Photographs truly had not done the man justice. That expression packed enough charm to fascinate nearly anyone in a skirt.

“Cream. No sugar.”

“You’ll find cream down by the coffee.”

“What kind is it?”

“The kind from cows.”

“The coffee,” he said, hitting her with that smile again. “Jamaican? French roast?”

“Folgers,” she replied, politely. “That’ll be a dollar and a half.”

“I’ll get it,” Matt said.

“Already got it,” Cord replied. Pulling a money clip from his front pocket, he peeled off a five-dollar bill and nodded to the logo on her driver’s-side door. Mama O’Malley’s Catering was stenciled in a shamrock-green arc.

“So, who’s ‘Mama’?” he asked.

She darted a smile past his arm as another worker took a muffin and handed over his money. “That would be me.”

One appraising eyebrow shot up. “You?’

“That’s right.”

Cord watched the tall brunette with the long, lanky body and the face of an angel hand over a cheese roll that the man behind him couldn’t reach. She wasn’t being especially rude or cool to him. Her tone even held the same hints of kindness he’d heard when she addressed everyone else. She just wasn’t giving him the same bright smile she’d seemed to manage for every single one of the other guys.

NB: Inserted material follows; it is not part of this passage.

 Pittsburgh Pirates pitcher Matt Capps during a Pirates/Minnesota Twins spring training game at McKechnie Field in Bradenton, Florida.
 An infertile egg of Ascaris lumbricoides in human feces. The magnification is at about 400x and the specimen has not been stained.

She didn’t seem interested in conversation with him, either.

He could always get a woman talking. Young. Old. In between. Especially in between.

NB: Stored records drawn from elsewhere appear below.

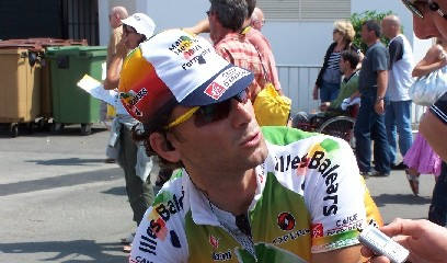 Spanish road racer Alejandro Valverde in the 2005 edition of the Tour de France. Image obtained from released under permission of said team. 13:38, 2 August 2005 Julius.kusuma 408x240 (42043 bytes) (Spanish road racer Alejandro Valverde in the 2005 edition of the Tour de France . Image obtained from released under permission of said team. GFDL )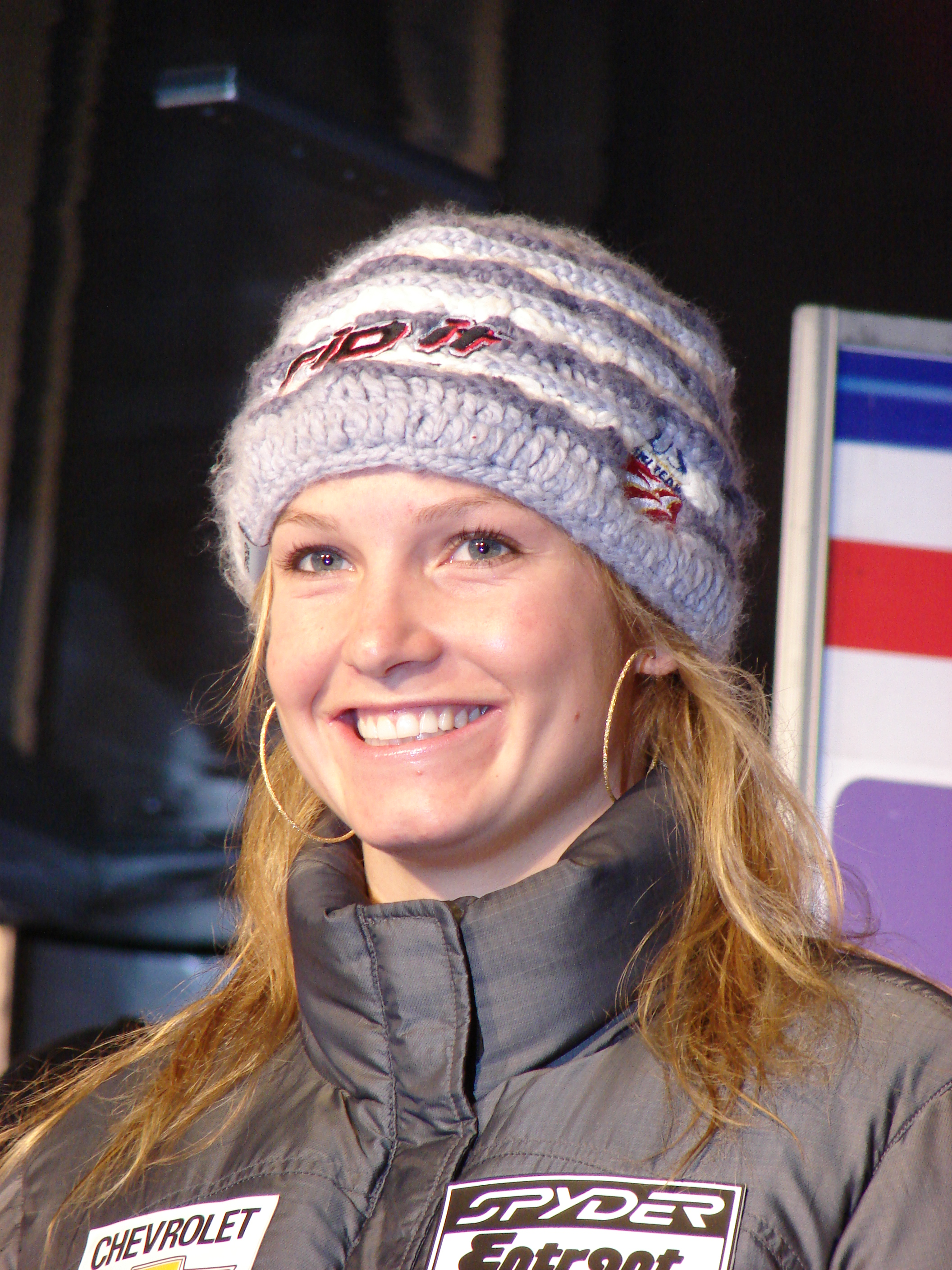 Julia Mancuso during the award ceremony for the winners of the giant slalom in Semmering, Austria on Dec. 28, 2006.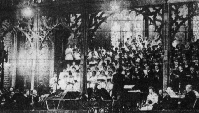 Original Caption: MUSIC LOVERS FLOCK TO BETHLEHEM (accompanied the article, "Bach Festival Continues Today: Bethlehem Choir, Soloists and Members of Philadelphia Orchestra to Sing Mass: Audience Ecstatic: Seven Cantatas Are Produced for First Time in This Country."

Hating to think he was losing his touch, Cord skimmed a glance over her once more. “You don’t look anything like my idea of a Mama O’Malley,” he confessed, slowly shaking his head. She didn’t look like anyone’s mother. She had incredible eyes, skin so smooth it begged to be touched and a mouth that made his water just looking at her. And those legs. They went on forever. “Why do you call your business that?”

“Because O’Malley is my last name and I liked the alliteration. Hi, Bob.” There was the smile. All five hundred watts of it. It wasn’t for him, though. It was for the guy with the belly and a welder’s mask tipped back on his head. “What can I do for you?”

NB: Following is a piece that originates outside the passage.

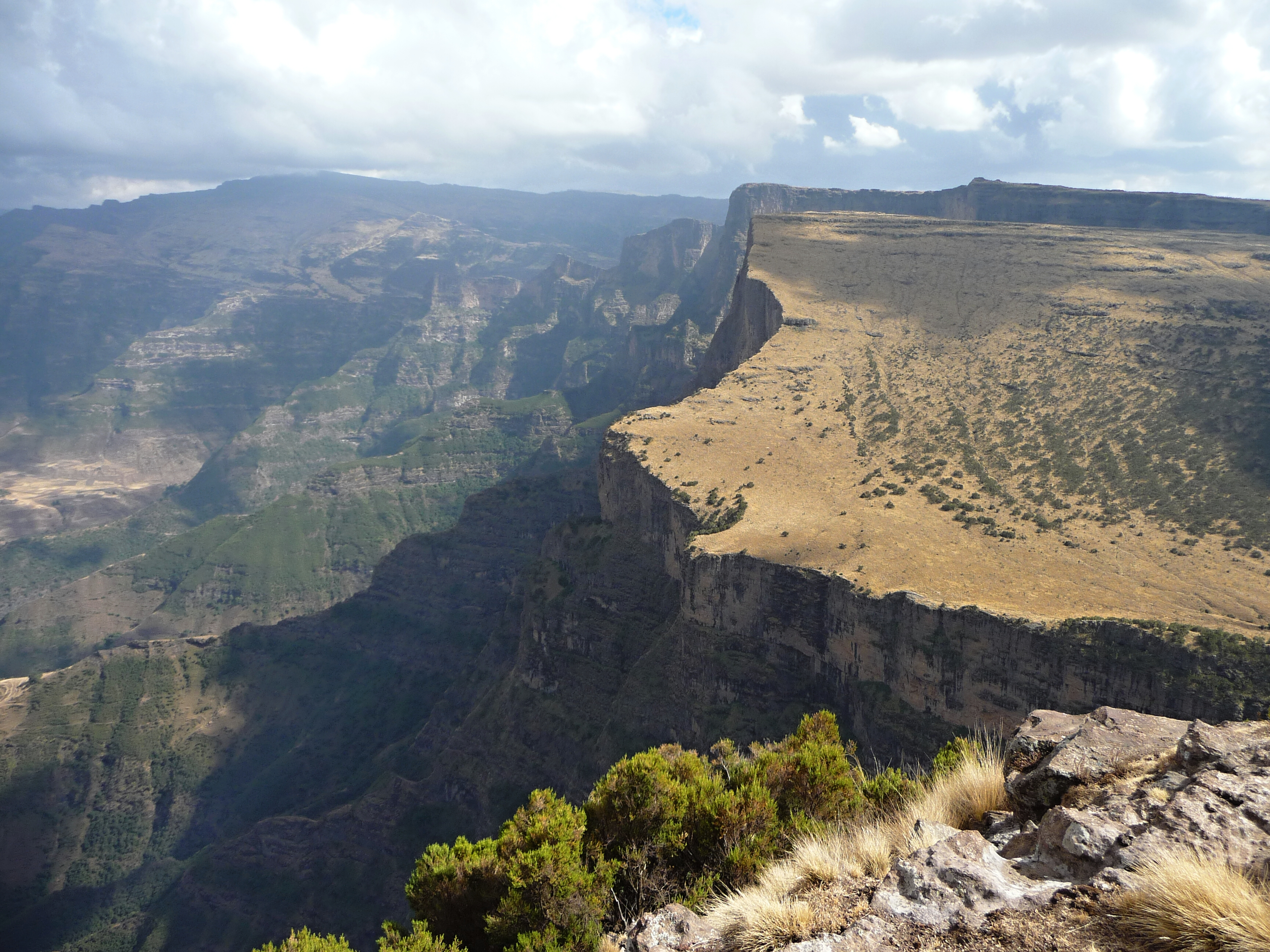 Simien Mountains (Amhara Region, Ethiopia).

“Come on.” Matt nudged his arm. “Let’s get back to work.”

Cord stepped back. “Thanks,” he called to her, giving it one last shot.

“You’re welcome,” she replied, still polite, and turned her focus to the other men demanding her attention.

Cord felt his forehead pleat as he turned around himself, and started to walk away. Her eyes seemed to light up for everyone else when she smiled. Just not for him.

He glanced back, saw her look down as she made change from the pack around her slender waist. He wondered if they’d met before. If maybe he’d run into her at one of the local nightclubs and if he’d done something to offend her. He made it a point to never offend a woman if he could help it. He’d discovered the hard way that a woman scorned could not only be furious and hellish to deal with, but downright expensive.

The woman he’d heard the other men call Madison didn’t seem at all familiar, though. He would have remembered the name. He definitely would have remembered that smile. It lit her eyes, made her seem friendly, approachable, as if she glowed warmth from within. Without it, she was just another pretty face.

“Does she come here every day?”

“Who?” Matt glanced behind them. “The gal with the snack wagon?”

“Yeah.”

“We have a couple of trucks that come through here,” he said, looking as if he were trying to recall the specifics of this one’s owner. “I think she’s been around pretty much since we broke ground.” A quarter of a muffin disappeared, totally muffling his “Why?”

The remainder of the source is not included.